/RTLLanguageDetection

CFStringTokenizerCopyBestStringLanguage showed the best performance for language determination

Primary LanguageSwift

Right-To-Left Language Detection

CFStringTokenizerCopyBestStringLanguage showed the best performance for language determination

CFStringTokenizer

CFStringTokenizer was released with iOS 3.0 and still is the best option to detect right-to-left language fast.

Apple's documnentation issue

That's what written in Discussion section in documentation:

The result is not guaranteed to be accurate. Typically, the function requires 200-400 characters to reliably guess the language of a string. CFStringTokenizer recognizes the following languages: ar (Arabic), bg (Bulgarian), cs (Czech), da (Danish), de (German), el (Greek), en (English), es (Spanish), fi (Finnish), fr (French), he (Hebrew), hr (Croatian), hu (Hungarian), is (Icelandic), it (Italian), ja (Japanese), ko (Korean), nb (Norwegian Bokmål), nl (Dutch), pl (Polish), pt (Portuguese), ro (Romanian), ru (Russian), sk (Slovak), sv (Swedish), th (Thai), tr (Turkish), uk (Ukrainian), zh-Hans (Simplified Chinese), zh-Hant (Traditional Chinese).

NSLinguisticTagger

NSLinguisticTagger was implemented with iOS 5.0 and deprecated in iOS 14.0. It returned the same language for all strings in tests.
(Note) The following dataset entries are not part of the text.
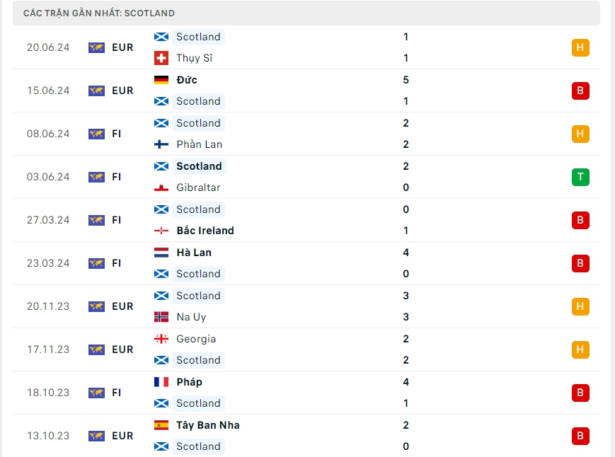 Scotland khép lại 2 lượt trận vòng bảng với 1 thất bại và 1 hòa có được 1 điểm và đang xếp vị trí thứ 3 của bảng A, hàng công của họ không được đánh giá cao khi chỉ mang về 2 bàn thắng sau 2 lượt trận vừa qua, trong đó có 1 bàn thắng trong thất bại 1-5 trước Đức đến từ bàn phản lưới của đối thủ, có thể thấy sức mạnh hàng công của đội bóng này không được đánh giá cao, hàng thủ đang là điểm yếu khi nhận 6 bàn thua vừa qua.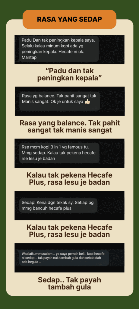 Tak pahit sangat. Rasa smooth & seimbang sebab ada Hegula – tak manis melampau, tak pahit keterlaluan. Ramai customer kami feedback rasa dia sedap 🤎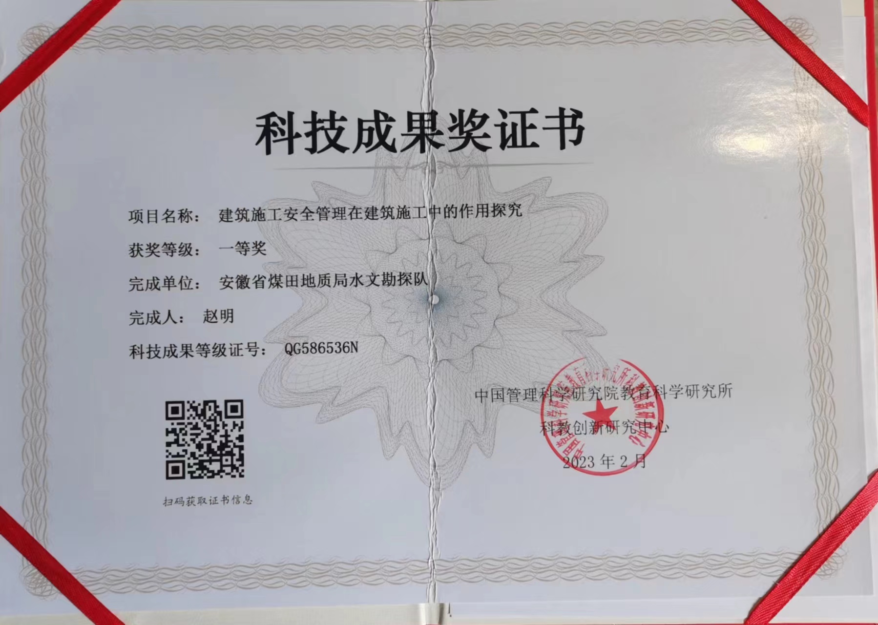 日前,水文队职工赵明撰写的论文《建筑施工安全管理在建筑施工中的作用探究》,在中国管理科学研究院教育科学研究所科教创新研究中心组织开展的市政建筑领域科技成果评选中荣获一等奖。
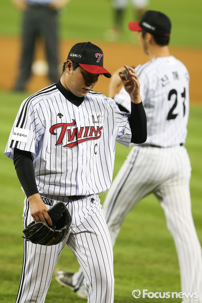 (서울=포커스뉴스) 28일 오후 서울 잠실구장에서 열린 2016 타이어뱅크 KBO리그 롯데-LG 경기에서 7회초 LG 류제국이 진해수와 교체되어 마운드를 내려오고 있다.

Works much longer.

NLLanguageRecognizer

NLLanguageRecognizer was released in iOS 12.0. It is a recommended way to determine language as Apple says, but it is slower even than NSLinguisticTagger.

And, surprise-surprise, 🙃 I've found no case when it determines Persian correctly. It returns Arabic or Urdu. Both solutions mentioned above worked better for Persian.

Tip 1

Maldivian language is not determined by all three ways.

Tip 2

Interface allows to return nil language when it was not determined. All three ways can return undocumented und language - that also means that language was not detected. Two ways to say the same. Oh, Apple.